The new studies indicate that a more important contribution to disease may be the ability to stop T-cell production altogether. Using a new diagnostic tool, the research team determined the rates of production of two types of T cells -- CD4 and CD8 -- that are major players in the immune system and prime targets of HIV. "We found that the virus had an impact on both the rate of T-cell production and the rate of their destruction," Hellerstein said. "But it was the body's ability to produce new cells that was most important in determining T-cell counts." Study participants included both men and women, and all were patients in the General Clinical Research Center at San Francisco General Hospital Medical Center. They represented three groups: HIV-negative and healthy; HIV-positive who had not undergone anti-HIV drug treatment; and HIV-positive who had completed a 12-week course of effective treatment with the potent antiretroviral drugs known as protease inhibitors after previously being untreated.
Major findings include:
Because the labelling was carried out in living people, the results serve as the first direct clinical evidence of cell production in the human bloodstream. In the past, cell generation could not be directly measured in clinical studies because techniques involved radioactive or toxic chemicals unsuitable for human consumption.

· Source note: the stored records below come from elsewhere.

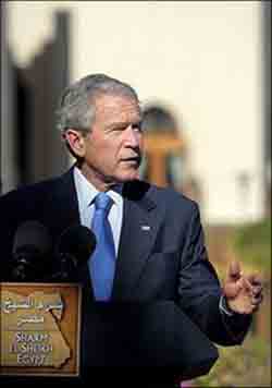 做客以色列和巴勒斯坦,是布什此訪的重中之重。在會(huì)晤以巴領(lǐng)導(dǎo)人后,布什就巴難民回歸、巴以最終邊界劃分和耶路撒冷地位等以巴沖突核心問題闡述了自己的主張。布什稱,難民問題可以通過建立巴勒斯坦國得到解決,同時(shí)輔以相關(guān)賠償機(jī)制。布什呼吁以色列結(jié)束1967年以來對(duì)阿拉伯土地的占領(lǐng),確保巴成為獨(dú)立自主國家。可他又說,以巴未來邊界將不可能完全依據(jù)第三次中東戰(zhàn)爭之前的;鹁,雙方應(yīng)根據(jù)目前實(shí)際情況進(jìn)行調(diào)整并達(dá)成協(xié)議。關(guān)于耶城歸屬問題,布什認(rèn)為這是一個(gè)棘手難題,牽涉政治和宗教。他再次要求以巴為在今年內(nèi)達(dá)成和平協(xié)議作出“痛苦讓步”。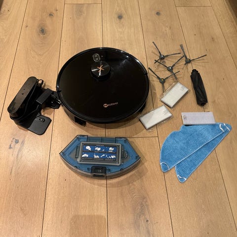 Det følger meg ekstra beholder til mopp funksjonen og andre tilbehør til støvsugeren.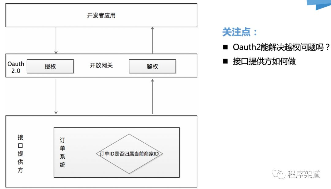 有了Oauth2就能解决越权的问题吗,答案是,否。授权在开放平台的环境下只是解决了ISV软件获取数据的"合法性",并不能够解决越权的问题,因为上文我们也提到了开放网关和开放授权,其中开放授权从技术的落地上来讲是放在了开放网关里面去验证的,但是开放网关所依赖的服务,比如订单服务、商品服务等,如果这些服务没有做数据归属的判断,仍然无法解决越权的问题。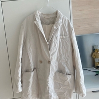 Valkoinen bleiseri. Paljon käytetty ja tarvitsee silityksen🤍paksuhko materiaali ja olkatoppaukset.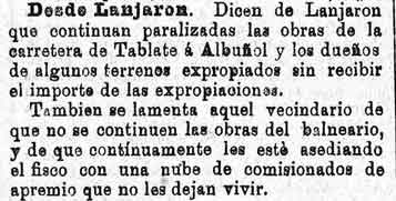 3 de marzo de 1888. En Lanjarón están paralizadas las obras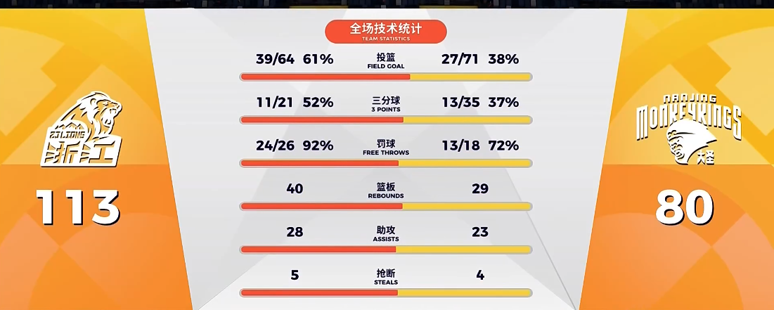 [赛后]广厦113-80南京,塔克33分3板9助,马内克13分7板3助
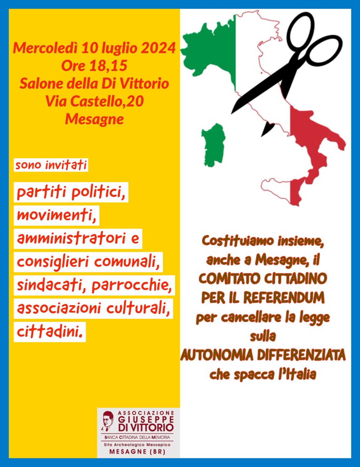 Questa sera (Mercoledì 10 luglio 2024) alle ore 18,15, appuntamento alla “Di Vittorio” per costruire anche a Mesagne il COMITATO CITTADINO PER IL REFERENDUM PER CANCELLARE LA LEGGE SULLA AUTONOMIA …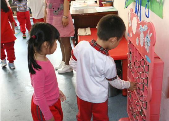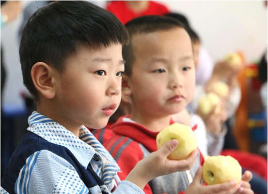 戶外活動結(jié)束后,各班幼兒在領(lǐng)隊老師的帶領(lǐng)下有序進(jìn)入教室。隨后,家長跟隨園長老師們?nèi)逃^摩幼兒入廁、洗手、喝水、吃水果的常規(guī)活動。各班有序組織幼兒分組入廁、洗手、喝水、吃蘋果,主班老師在活動室和盥洗室門口隨時提醒幼兒有序排隊,并觀察其接水量等,整個活動環(huán)節(jié)沒有你擠我、我碰你的現(xiàn)象,保證了孩子的安全,每個環(huán)節(jié)都在教師的組織下井然有序進(jìn)行。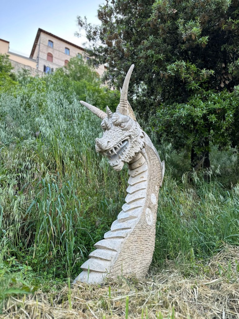 One of the first things Irish visitors say about Italian hilltowns, once they’ve gotten over the different aesthetics, is how clean the streets are. And we, even though we were used to hilltowns, all commented on how clean San Quirico’s streets were. They were immaculate. There were also large sculptures within the piazzette dotted around the town.

Based on the study findings and previous work, McCune said it appears that HIV may disrupt T-cell production in two key ways. First, virus infection may short-circuit the division of memory T cells, whose function is to ward off foreign invaders that the body encountered in earlier years. Without a continuous supply of these cells, the immune system doesn't remember that it can successfully fight off previous enemies and a person becomes susceptible to a variety of infections. Second, virus infection may prevent the production of new T cells from the bone marrow and the thymus, the major organs of T-cell production. In either case, the immune system would collapse and the HIV-infected patient would become immunodeficient, McCune explained.
"It remains unclear whether all HIV-infected patients will be able to increase T-cell production and restore their immune systems after treatment," he said. "For those who cannot, additional therapies may be required."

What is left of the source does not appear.